American Medical Technologies based in Irvine, CA, a provider of wound care solutions and medical supplies, reported that an unauthorized person accessed the email account of an employee and most likely viewed and copied the some patients’ protected health information (PHI).

American Medical Technologies discovered the breach on or roughly December 17, 2019 upon detecting suspicious activity in the email account. The investigators of the breach confirmed that the attacker likely obtained access to PHI including names, Social Security numbers, medical record numbers, diagnosis data, subscriber numbers, medical insurance policy numbers, medical histories, HIPAA account details, taxpayer ID numbers and driver’s license/state identification numbers. There is no evidence found that indicates the viewing or theft of information in the attack. However, unauthorized access or exfiltration of data cannot be ruled out.

A thorough email account analysis was done and completed on May 14, 2020. According to the review, the account held the PHI of 47,767 patients. American Medical Technologies already mailed notification letters to the patients concerning the breach and offered them free credit monitoring services.

After the breach, American Medical Technologies hired two third-party security companies to review the email security and implemented additional security measures as per their advice. The improvements included data security on the company’s web server infrastructure.

Phishing Attack at Kentuckiana Regional Planning & Development Agency

Kentuckiana Regional Planning & Development Agency (KIPDA) based in Louisville, KY discovered that an unauthorized person accessed one email account. On February 18, 2020, KIPDA discovered the breach when KIPDA there were lots of email messages sent from the account.
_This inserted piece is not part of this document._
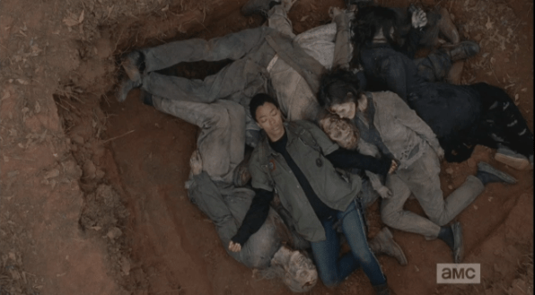 sasha cleaning up walker bodies 5 Published April 27, 2015 at 596 × 329 in The Walking Dead, Season 5, Episode 16, “Conquer” …and the shot pans out as Sasha closes her eyes, opens her arms, and surrenders to the strange peace of lying on top of the fallen walkers.

KIPDA secured the account immediately and investigated the incident to find out the nature and magnitude of the breach.

With the assistance of a third-party digital forensics company, KIPDA confirmed the unauthorized access of the email account from January 29, 2020 to February 14, 2020. The investigators further confirmed on April 9, 2020 the potential viewing or copying of PHI of 3,663 patients, though they could not tell which of the email messages in the account, if any, were accessed.
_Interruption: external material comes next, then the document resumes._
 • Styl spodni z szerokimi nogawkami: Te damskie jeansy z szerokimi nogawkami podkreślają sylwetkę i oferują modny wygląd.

The emails and email attachments contained the following PHI: names, addresses, birth dates, diagnosis and treatment details, billing and process codes, and Medicaid ID number. Some patients’ Social Security numbers and/or driver’s licenses were also exposed.
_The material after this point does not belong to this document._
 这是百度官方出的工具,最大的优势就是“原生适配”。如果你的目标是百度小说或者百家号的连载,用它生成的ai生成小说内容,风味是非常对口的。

KIPDA stated in a substitute breach notice that they are taking the following steps to strengthen security:

  • changing password more frequently
  • implementing 2-factor authentication on the email accounts
  • using secure data files for saving sensitive information
  • updating policies and procedures on the regular and secure deletion of email data from the email accounts
  • giving further HIPAA training to employees on methods and cybersecurity as well as the risks involved in sharing sensitive information through email

KIPDA is also thinking about setting access limits to its network to people based in the United States.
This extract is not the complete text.